The San Francisco Giants jumpstarted their faltering offense in the final hours of the 2012 non-waiver trade deadline Tuesday, going head-to-head with the Los Angeles Dodgers in an all out MLB arms race to win the National League West.
The Giants picked up right fielder Hunter Pence from the Philadelphia Phillies for Double A Richmond catcher Tommy Joseph, Single A San Jose right-handed pitcher Seth Rosin, and right fielder Nate Schierholtz.
Pence will be under team control through the 2013 season, his final year of arbitration eligibility prior to free agency.
The Giants were active bidders against several other teams to get Kansas City closer Jonathon Broxton, but Broxton was picked up at the last minute by the Cincinnati Reds.
With the acqusition of Pence, 29, and last week's addition of infielder Marco Scutaro, the Giants addressed two of the three main issues effecting team performance the first half of the season: lack of production in right field and finding a potent infield bat.
San Francisco was unable to fix their third big issue, reinforcing the bullpen following the loss of closer Brian Wilson and the inability of Santiago Casilla to consistenly fill the closer role. Any deal from this point on must go through a list of other MLB teams and clearing those waivers can be difficult to get done.
It is a testament to the creativity and experience of Giants' General Manager Brian Sabean that San Francisco was able to target its biggest needs so effectively without giving up any of their top four minor league prospects: center fielder Gary Brown, closer Heath Hembree, second baseman Joe Panik, and outfielder Francisco Peguero.

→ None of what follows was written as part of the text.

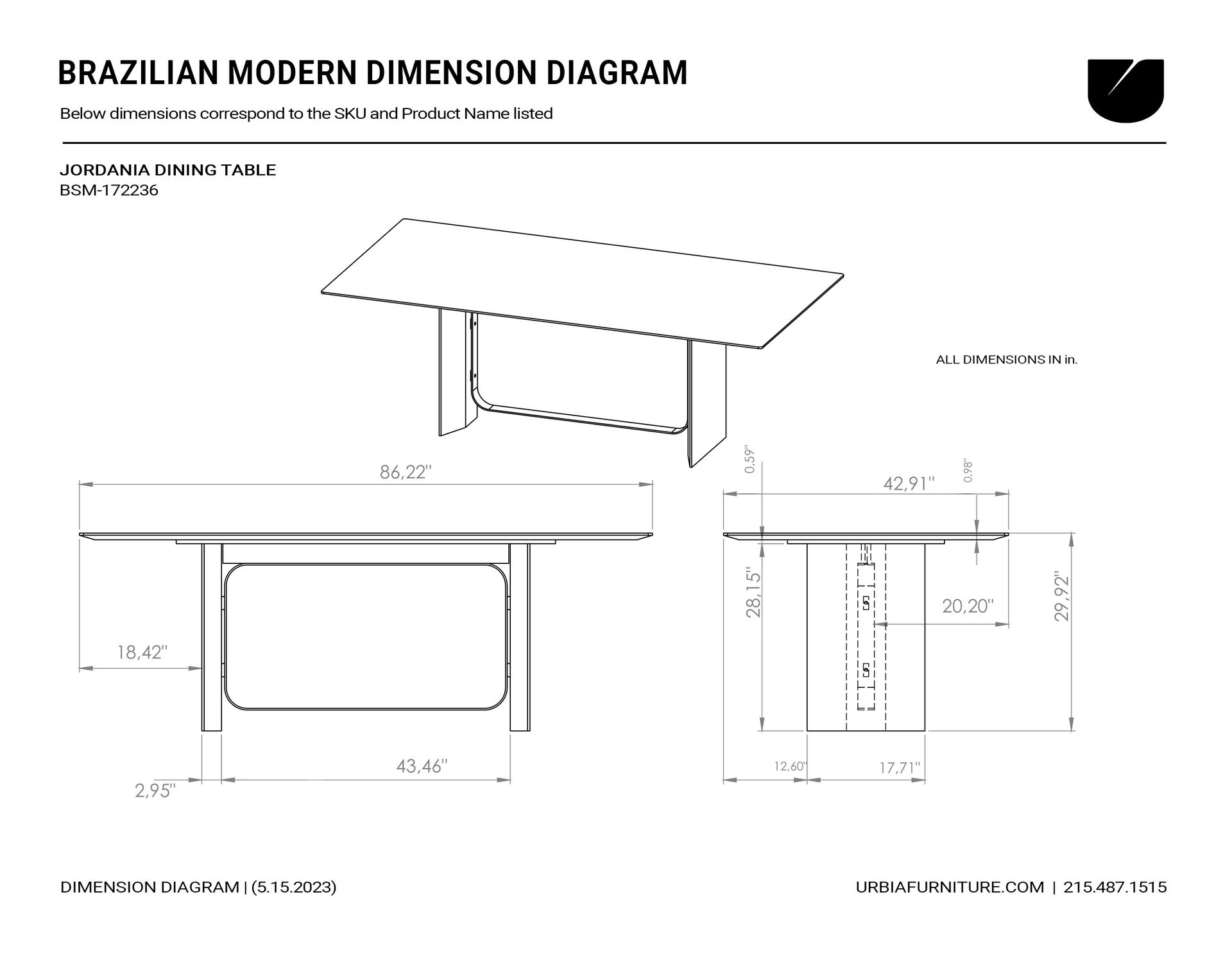 | Overall Dimensions (in.) | 86.5w x 43.5d x 30h |

Seth Rosin may be the sleeper in the Hunter Pence deal. As I noted in the "Prospects" column to the right, Rosin was selected in the 4th round of the 2010 first year player draft after being selected but not signed in 28th round of the 2007 draft by the Minnesota Twins. Rosin is a 6'7" strike thrower who can hit 95 MPH with his fastball; he currently has 68 SO in 58.1 IP.
Including Nate Schierholtz in the Pence deal clears San Francisco's roster of a marginal player who was never a consistent run producer. Schierholtz, who was part of the Giants' 2010 World Championship team, goes from AT&T Park, a very tough ballpark for hitters, to the Phillies' Citizens Bank Park-- one of the best hitters' parks in the Majors. That should give Schierholtz an offensive statistical bump.
But the real news here is that by making Tommy Joseph the centerpiece of the Hunter Pence trade the San Francisco Giants delt from their biggest organizational strength: the franchise's deepest assets are at the catcher position. With Buster Posey and Hector Sanchez at the big league level and Andrew Susac at Single A San Jose, the loss of Joseph shouldn't impact the Giants' future.
Both the Giants and the Dodgers (with new pick-ups IF Hanley Ramirez, OF Shane Victorino, and RP Brandon League) are armed and recharged for the upcoming battles of August and September. The traditional difference-makers are starting pitching and bullpen strength-- both areas in which the Giants still have a distinct edge.